Forbes
Sunday, January 10th, 2010
Texas Congressman Dr. Ron Paul wants to see if the valuations of the Federal Reserve’s transactions were fair.
Steve Forbes: What precisely will your bill on auditing the Fed do and not do? Let’s just clear that up.
Paul: As a matter of fact, it’s a pretty weak bill when you think about it.

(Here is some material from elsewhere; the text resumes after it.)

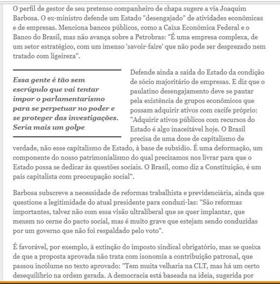 Observação: Os colegas do Banco do Brasil e da Caixa devem se atentar para as opiniões políticas e econômicas do agora candidato, Joaquim Barbosa sobre economia e privatizações.

Forbes: It seems pretty mild.
Paul: But from their viewpoint it is horrendous because we know what
they’ve been doing. You know? And they don’t want us to
know what they’ve been doing. The big argument has always been
they don’t want transparency because they’ll lose their
independence. And independence means secrecy. If they lose their
secrecy then the people and the Congress won’t know what
they’ve been doing. Who gets bailed out at what price? … I
put an explicit statement in there that we have no intention of
monitoring monetary policy even though I have different views. But, you
know, when you think of it, Bernie Sanders was a cosponsor in the
Senate. He and I don’t see eye to eye on the market. But we see
eye to eye on transparency. So we wouldn’t agree on monetary
policy, but we agreed on this bill. But in order to clarify that
Bernanke would say, “Well what we don’t need is Congress
coming in the day after we have a FOMC meeting and finding out who said
what and why because everybody would be hesitant.” And one of the
arguments is, “If Congress had anything to do with this,
they’d keep interest rates too low too long.”